There is far-reaching flavor in the duck prosciutto, too. It’s made in the restaurant, like the testa, which is served on a warmed plate so it melts into a delightfully drippy mass of soft pink meat and softer white fat. You might want to spread it — or pour it, really, because it is nearly liquid — over some Foul Witch focaccia or Roberta’s bread. These two are a study in contrasts; the crunchy, chewy bread requires some commitment from your jaw, while the tender focaccia almost dissolves on your tongue. They’re both very good, among the benefits of eating on a limb of the Roberta’s family tree.

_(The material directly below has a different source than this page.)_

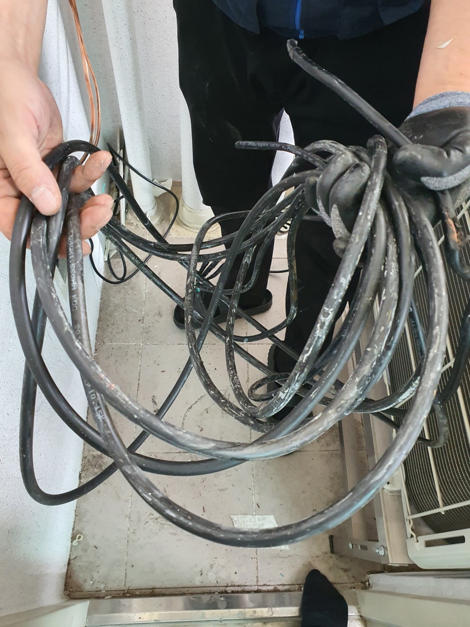 일반적으로 시스템에어컨 본체와 메인 PVC 배관을 연결하는 구간에는 구부리기 쉬운 플라스틱 재질의 주름 호스가 사용됩니다. 하지만 이 호스는 수년 동안 차가운 응축수와 덥고 습한 외부 공기의 극심한 온도 차를 겪으며, 서서히 플라스틱 특유의 탄력을 잃고 돌덩이처럼 딱딱하게 굳어버리는 '경화 현상'을 겪게 됩니다. 이렇게 수명을 다해 굳어버린 호스는 에어컨 펌프가 밀어내는 수압을 견디지 못하고 과자처럼 바스라지며 쩍쩍 갈라집니다. 갈라진 틈에 실리콘을 바르는 것은 며칠짜리 임시방편일 뿐, 썩은 구간을 완전히 절단하고 새 호스로 복원해야만 누수를 막을 수 있습니다.

From most spots in the dining room you can see the flames in the wood-burning oven. This is used to cook most of the main courses, and they get a distinctive, rustic flavor from its smoke and high heat. A whole roasted John Dory has been on the menu lately; compared with whatever whole fish you are likely to find in Italian restaurants downtown, John Dory is so much sweeter and better that you can’t believe it isn’t served more often. Foul Witch hangs it by its tail next to the oven to chase off the refrigerator’s chill before slipping it into the oven. Afterward, cockles are added to the pan, almost too small to eat but full of juices that run into a wonderful green-garlic and olive oil broth.

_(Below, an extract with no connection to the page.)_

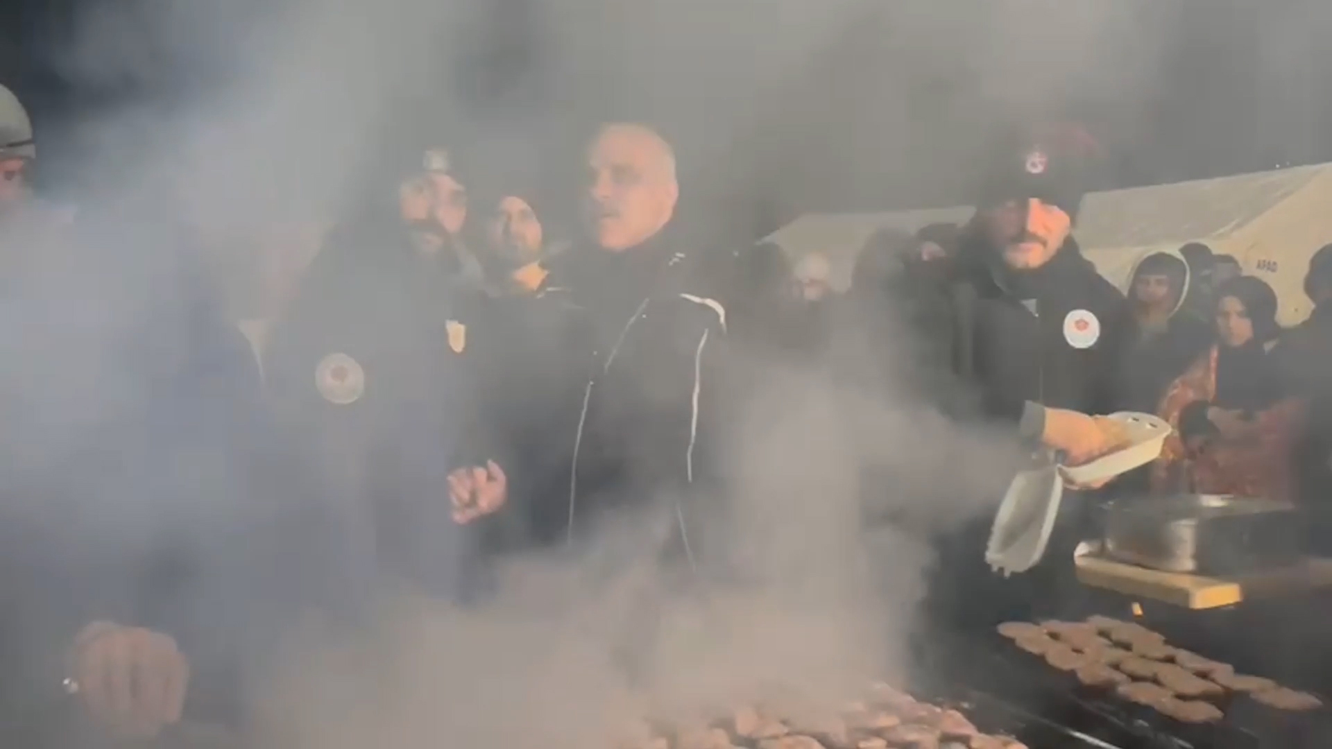 Trabzon Büyükşehir Belediyesi iştirakleri arasında yer alan TRABİTAŞ ekipleri, Kahramanmaraş merkezde 3 gündür depremzedelere büyük mangallarda pişirerek köfte ekmek ve ayran ikramında bulunuyor. Şu ana kadar yüzlerce depremzedeye 4 tona yakın köfte ikramı yapıldı.

Whole fish is something you don’t often see on a tasting menu; it’s too big, too bony, too messy. My group of four ripped into it happily.
The kitchen has a charcoal grill when it needs to target the heat more precisely. It’s used, for instance, to sear a grilled pork collar, almost as red as sirloin and peppered with fennel pollen.

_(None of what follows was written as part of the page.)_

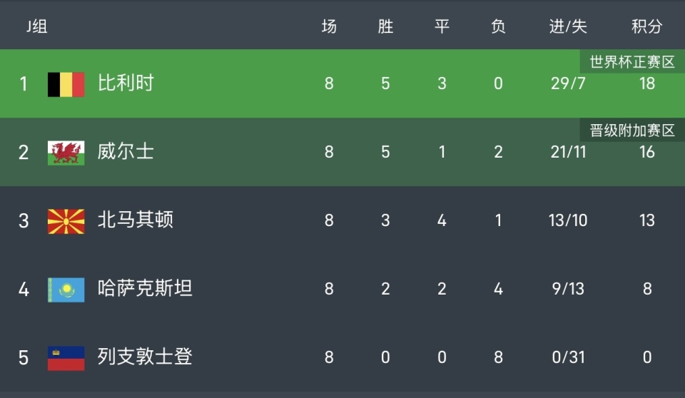 比利时18分锁定小组第一,直接出线。威尔士16分小组第二,晋级附加赛。北马其顿13分小组第三,但通过欧国联排名拿到附加赛资格。哈萨克斯坦8分,列支敦士登0分。

For dessert, Foul Witch has a plate of cut-up citrus. I’ve had it with tangerines and Kishu mandarins, each with the peels left on. They are dressed with olive oil and carrot juice, then sprinkled with salt, toasted bread crumbs and serrano peppers. This could just as easily be a salad. Either way, it is as challenging as it is rewarding. You won’t mistake it for a dish served anywhere else.
Foul Witch is not a cheap restaurant, but the à la carte menu makes it more flexible than Blanca. The meal left me with two competing desires. I wished I could go to Blanca again. But I also wished that more of the tasting-menu restaurants in New York would open a place like Foul Witch. Too many good ideas are being locked up in little rooms where too few people can experience them.